Time to polish off the last of the sloe gin now.

09 February 2010

make do and mend

Thanks for all the helpful comments about vacuum cleaners! Just goes to show that nature may abhor a vacuum but we don't. I still have not got round to mending the existing machine and am seriously tempted by the promise of a lighter, brighter model...when I've saved up for it (though a new camera may come first) .

I'm all for saving but even I was beginning to think about the value of darning the moth damage in a pair of John's socks this week- we were talking about some serious holes here - but to be honest, I do rather like the challenge of a bit of darning, and as long as he doesn't flash his ankles they should be fine for the rest of the cold weather. I'm also thinking about doing something with the remains of my old Harris Tweed allotment jacket that the moths devastated and which I have now unpicked and salvaged. I have an idea for using the remains which involves this map of the Manor Gardens allotment site, now demolished for the Olympics. Hope it will be finished before 2012. My project that is.

02 February 2010

a new broom sweeps clean

My vacuum cleaner is broken. All is not lost though because it just so happens that I bought a new stiff-bristled broom a couple of weeks ago. It really is a very satisfying job to sweep the house with a broom. No eardrum bursting vrooming sending the cats scattering, just some brisk strokes, a kind of conflation of swishing and whisking; the broom as a swisk-stick. After tackling the kitchen and stairs and front room, I was warmer than I have been for days. Strangely it also leaves you feeling a little glow of sanctimoniousness.

Two proverbs knocked off in one.

01 February 2010

all's well that ends well

Still on the subject of diaries, I suffered what I think is called a diary malfunction yesterday. I thought it was the day of a potato fair in East Dulwich, but it turns out that it was last week. Instead we went across to the Dulwich Art Gallery only to find that the drawing exhibition finished last week. Which left us with a trip to the Horniman Museum, a gem of a place, where at least we might get a decent cup of tea, a walk in the gardens and a dash of ethnography and culture all in the one pot.

The Horniman is a lovely museum. Small, inclusive and imaginative, it buzzes with life. We were impressed with the beautiful photography and perceptive juxtaposition of everyday and natural objects in Nature as Designer by Alision Millner and Steve Speller. Then we looked at the traveling Fabric of a Nation exhibition looking at how fabric and its design is used as an expression of everyday Ghanaian life.
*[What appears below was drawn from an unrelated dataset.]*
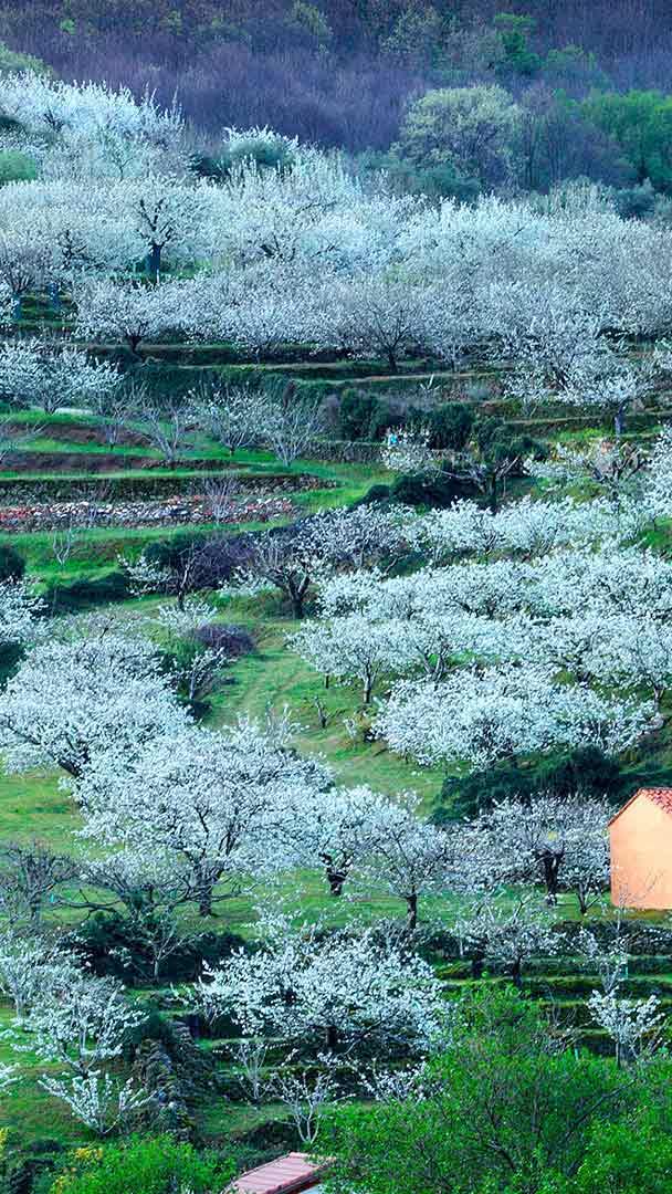 As winter turns to spring in the Jerte Valley, all eyes are on the cherry blossoms. This tiny region in the province of Cáceres, Spain, has the perfect microclimate for cherry trees, and there are more than 1.5 million of them here in 23 square miles. The cherry blossoms last just two weeks before the petals rain down, covering the entire valley. About 40 days later, the first cherries are ready to be picked. Locals make wine, beer, and various foods with them. Cherries are also used for spa and beauty treatments, since they have antioxidants and anti-inflammatory properties, in addition to vitamins and ellagic acid.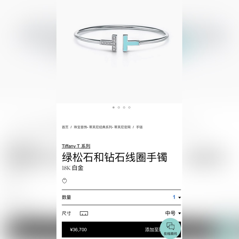 Tiffany&Co. Classic T-sarjan hopea timanttien turkoosinauhalla

Here there were uniforms where the names and distinguishing motifs of institutions were part of the fabric design, and worn with pride, a far cry from the regulation stripes of my school dresses. Other fabrics were inspired by local sayings and proverbs. A prince does not cry.

Do not put your gold around the neck of a Guinea Fowl.

A bird that is not in flight roosts.

Wildness cannot stoke fire.

Like the best exhibitions, both of these made me want to bring these ideas home with me - play with the contents of my cutlery drawer and vegetable box and see what I could come up with and think about how to illustrate well known sayings. Which all goes to show that all's well that ends well and (maybe) the best things in life are free.